Generalisations are just that – broad sweeping statements on which arguments may be built like shakey houses, only to fall down

on the heads and feet of people who never understood or believed in them anyway. The handsome 40-ish consultant on the prestige cosmetic counter in my nearest big store told me that she and her husband had done everything they could to provide for themselves and their old age, taken advice, invested and were now facing a mortgage increase from £1,000 to £1,600. I could make a piece out of that but it would be unreliable because she is just one person and they are just one couple. Though it is not till you hear it from somebody directly, that you realise just how destructive the last few weeks have been.
The spectacular Christmas department in a famous West End store is hundreds deep in Christmas tree decorations, streamers, lamps, toys and pretties – and has been for a couple of months.
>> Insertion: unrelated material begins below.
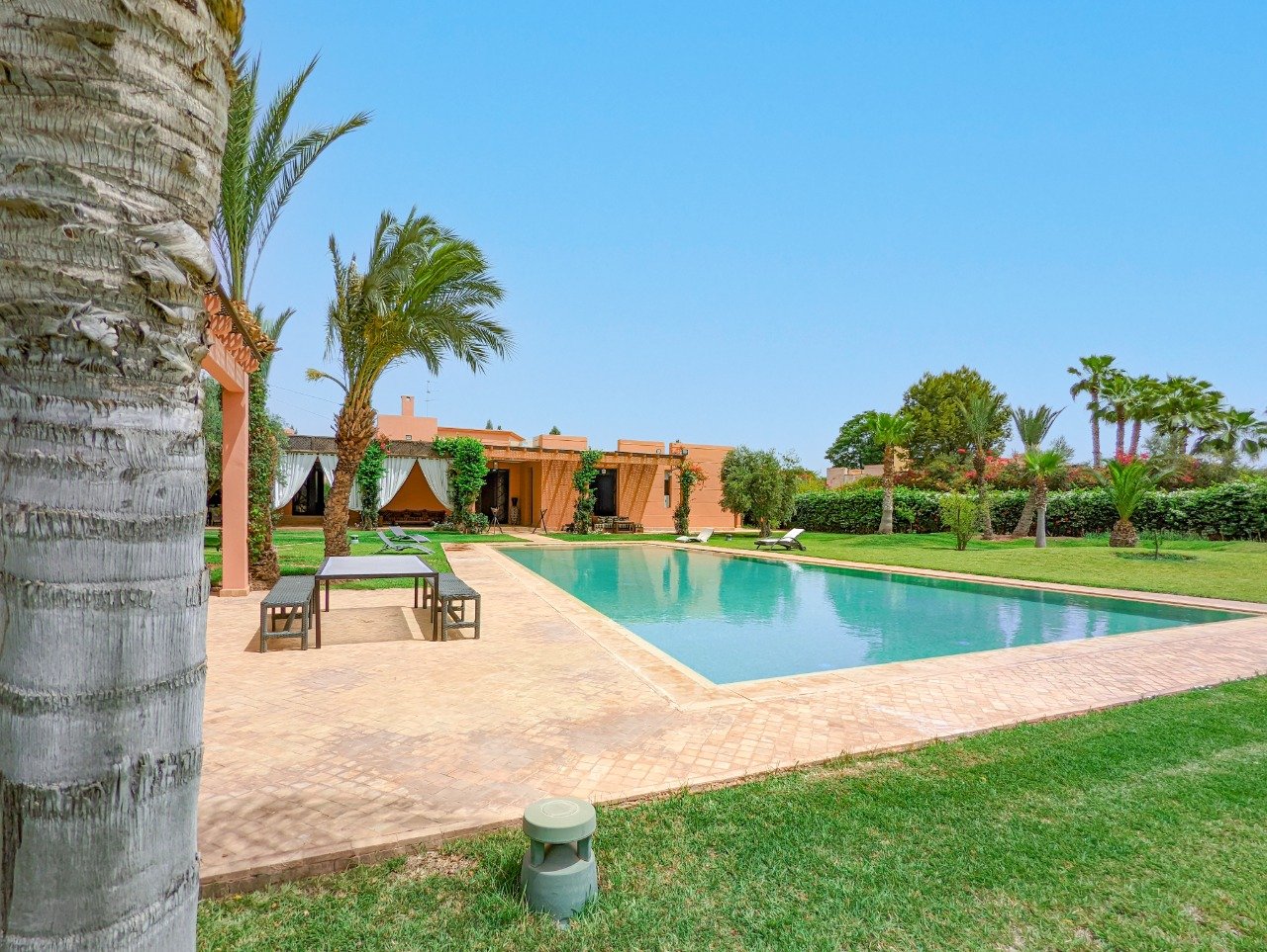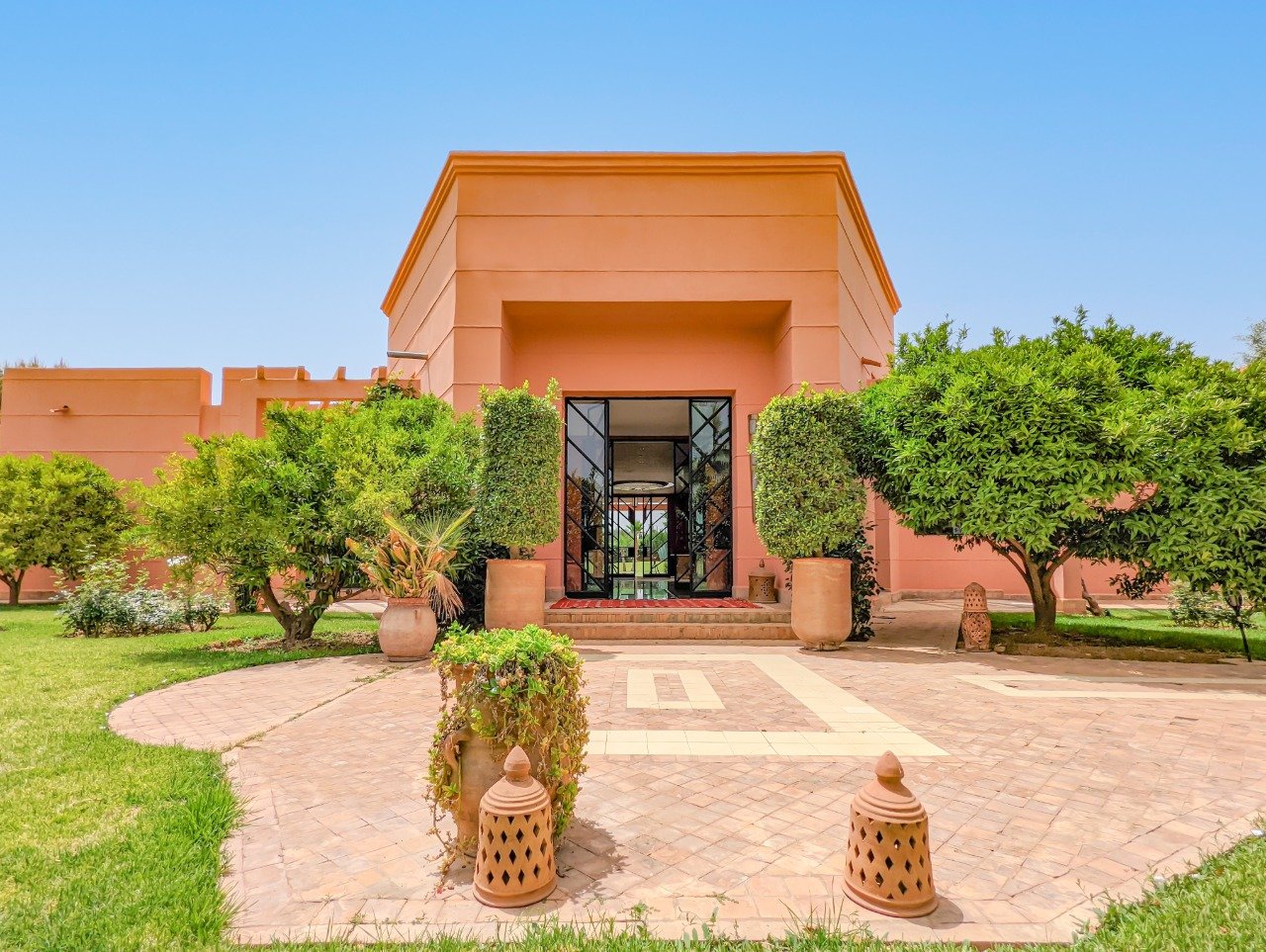 Cette magnifique villa se trouve aux portes des plus prestigieux golfs de Marrakech. Route de OUARZATE- 15 min du centre-ville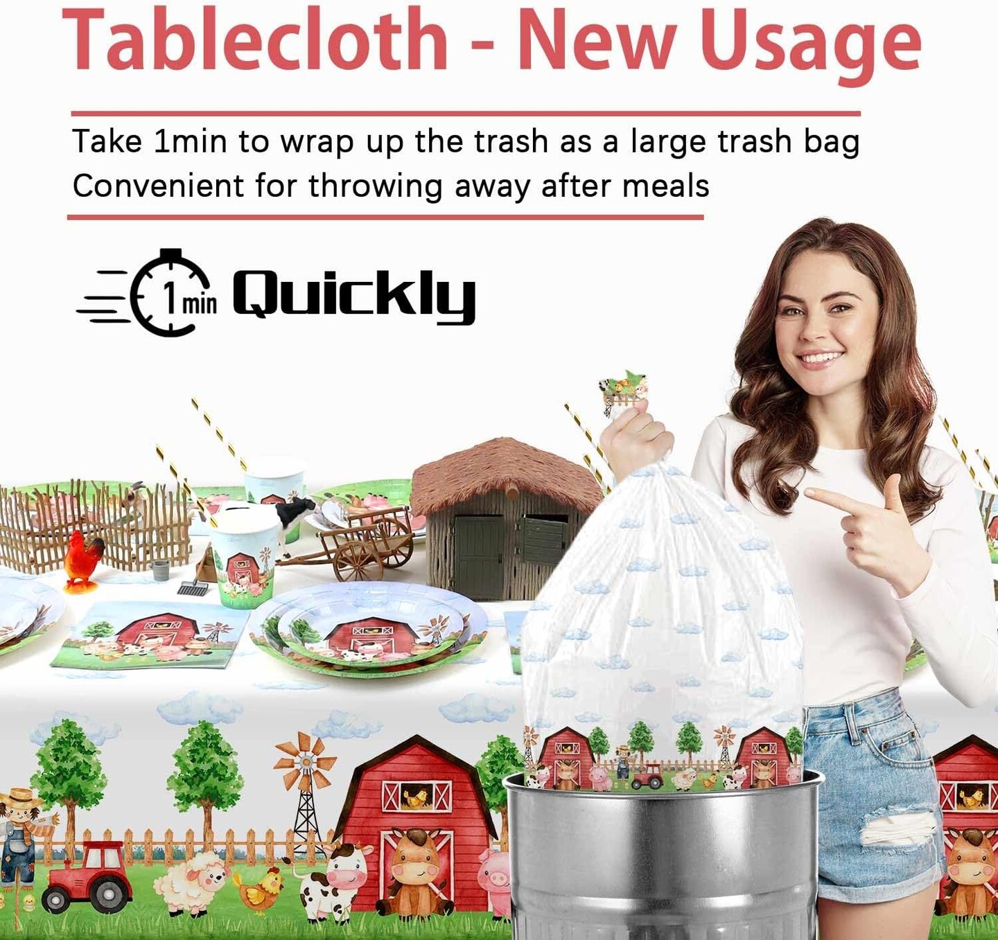 3 Pieces Farm Animal Rectangular Plastic Table Cover

But the prices are shocking. And yesterday in a small specialist store I admired a jewelled tree about 4 inches high. Was it £65 pretty ?
I worked for years on one to one. It is an old teaching trick – if I can establish dialogue with one, and it’s interesting, all sorts of others will listen and pay attention. I am very wary of generalisations, they can be so easily manipulated. “We all” is a phrase that makes me see flashing crimson. “Them” we say meaning “not us.” The cruelty of where we are is that, whether we believe in it or not, this has been done to us, wantonly, in the name of “we know best.” Like hell they do.